Which two primary data structures does Pandas provide for handling and analyzing data in Python?
Explanation: DataFrame and Series are the main data structures in Pandas, allowing for flexible and powerful data manipulation and analysis. Array and Tuple, Matrix and Vector, and List and Set are not primary Pandas structures; rather, they are native Python or NumPy types, which Pandas can interoperate with but does not define as its core structures.
What Pandas function is used to load a comma-separated values (CSV) file into a DataFrame?
Explanation: The read_csv function loads CSV files into Pandas DataFrames efficiently. to_csv is used for exporting DataFrames to CSV files. read_table reads files with a general delimiter but defaults to tab-separated files. import_csv is not a valid Pandas function.
Which method computes the mean (average) of a DataFrame column in Pandas?
Explanation: The mean() method calculates the average value of numeric columns. sum() returns the total, median() gives the middle value, and average() is not a standard Pandas method—mean() is the correct choice.

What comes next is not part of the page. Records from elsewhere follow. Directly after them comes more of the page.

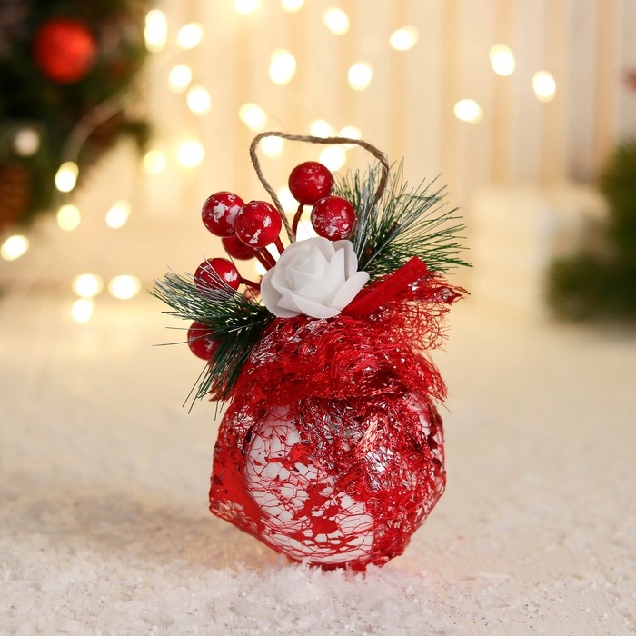 Шар пластик декор "Блеск рождества" поталь, 8х12 см, бело-красный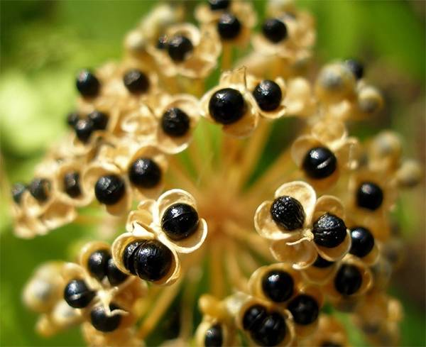 После отцветания из цветочных зонтиков образуются коробочки с семенами, за которыми надо внимательно следить, потому что созревают они очень неравномерно. Как только семена созрели, коробочки высыхают и раскрываются, чтобы семена могли высыпаться на землю. В этот момент их надо собрать и сразу же посеять на постоянное место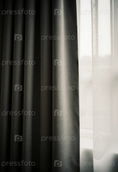 Мягкие черные шторы придают комнате элегантность, а чистая ткань позволяет проникать нежному свету, создавая спокойную и привлекательную атмосферу в течение дня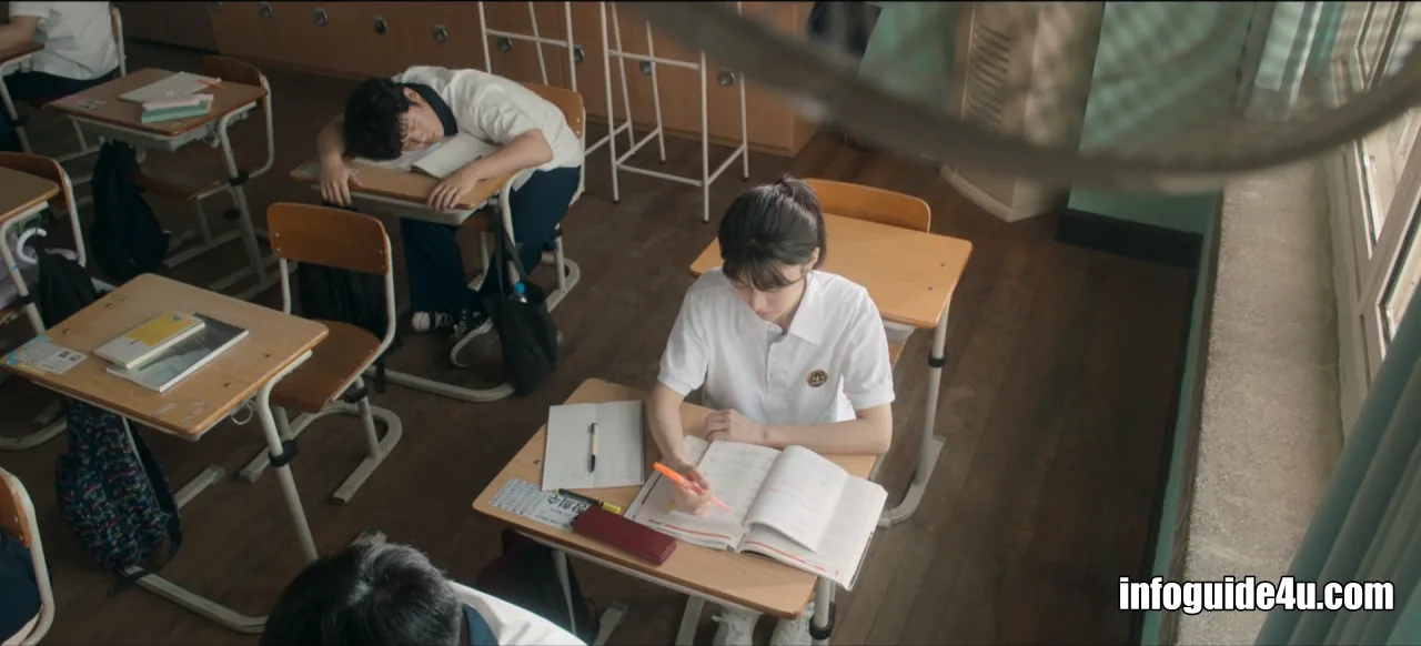 현재의 희수는 고3이 되었습니다. 희수는 교실에 앉아 영단어 공부를 하고 있습니다.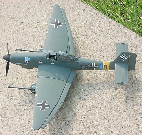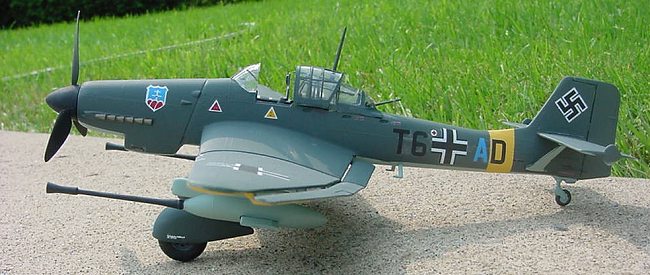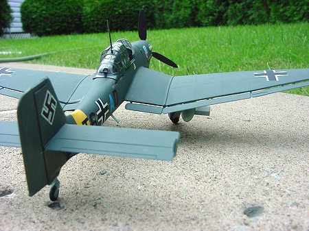 After the usual cockpit/canopy masking, I sprayed the belly Model Master RLM 65, then followed by more masking and the top was coated with RLM 70. After yet another masking session, the theatre band and the undersides of the wingtips were sprayed Model Master RLM 04. I also sprayed the propeller Flat Black (I know it’s not the right colour, but I prefer black propellers!). Before proceeding to decaling, I glued the gondolas on the mounts and brushed the gun barrels Model Master Gun Metal. (Editor's note: I'm suspicious of the overall RLM 70 color callout as the standard camo for bombers such as the Ju-87 was RLM/70/71 for the upper colors. I'd be delighted to hear from those of you who have proof otherwise.)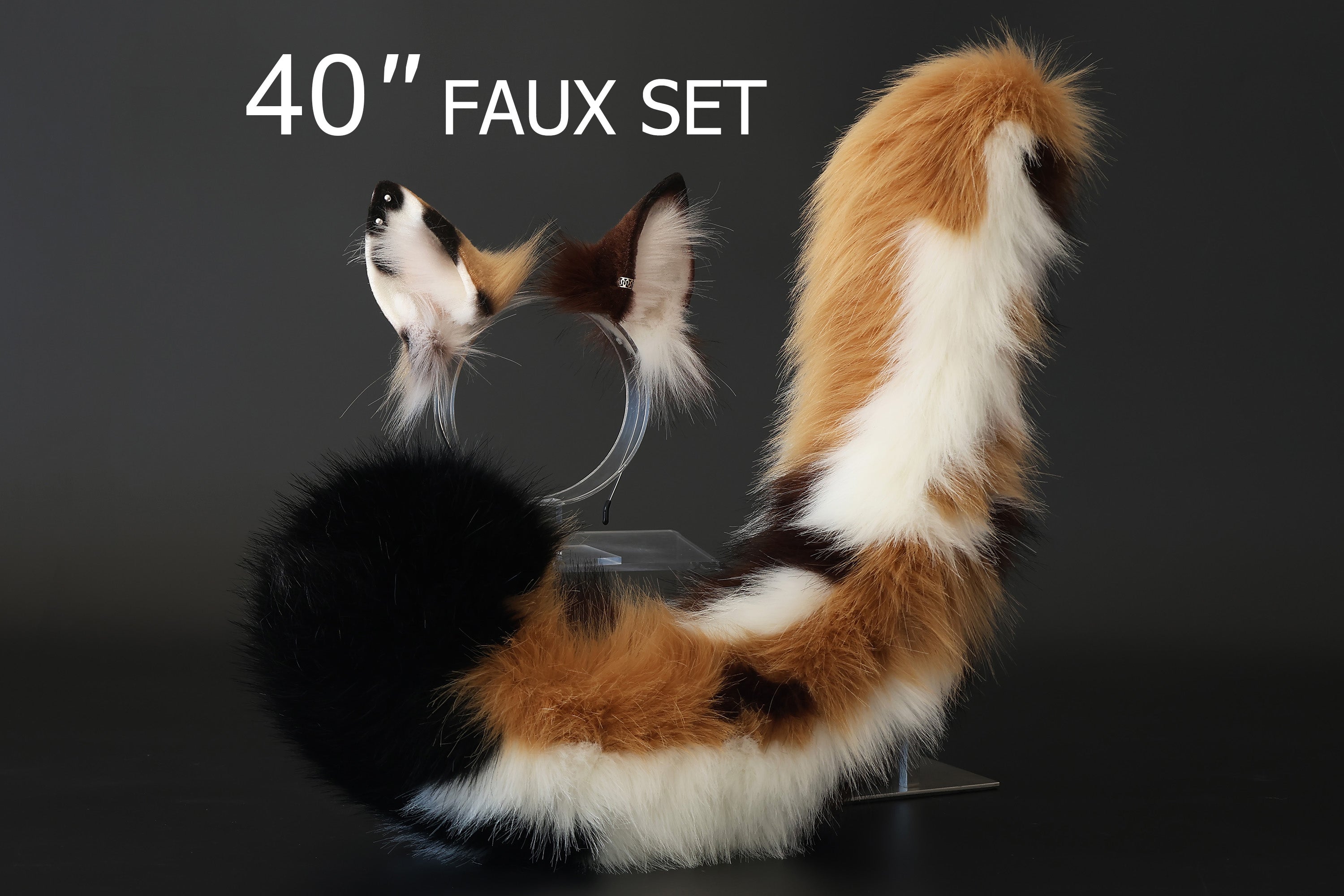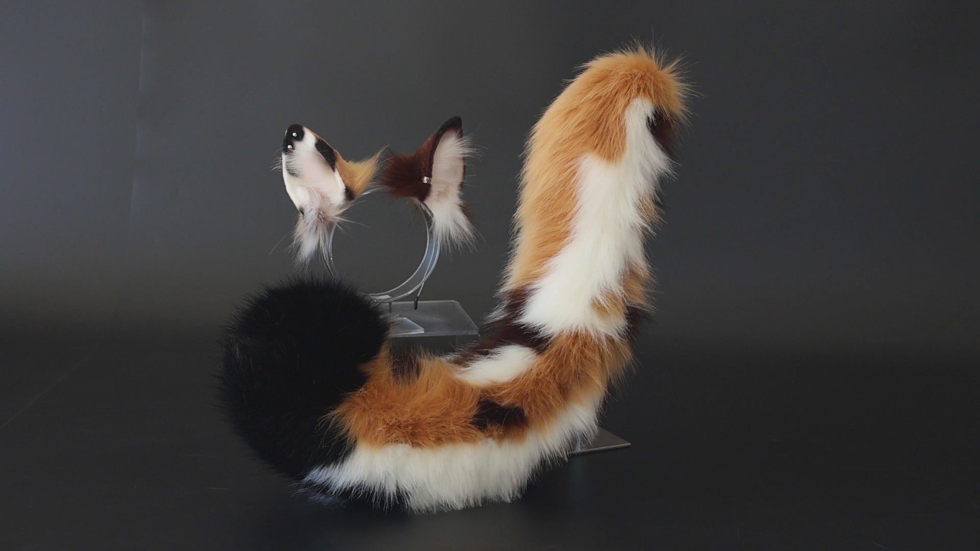 Calico faux fur cat ears and tail curved puppy tail and ears wolf tail and ears fox ears and tail butt plug set anime cosplay role play halloween Gift

How do you filter rows in a DataFrame where the 'cases' column is greater than 1000?
Explanation: The bracketed syntax df[df['cases'] > 1000] is correct for filtering rows based on a condition. filter() does not accept comparison operators this way; select() and where() are not native Pandas DataFrame methods for row filtering.
Which Pandas method allows you to quickly plot a column, such as 'cases', as a basic graph?
Explanation: The plot() method provides a simple way to visualize DataFrame columns. draw(), show(), and visualize() are not Pandas plotting methods—plot() is the standard function for this purpose.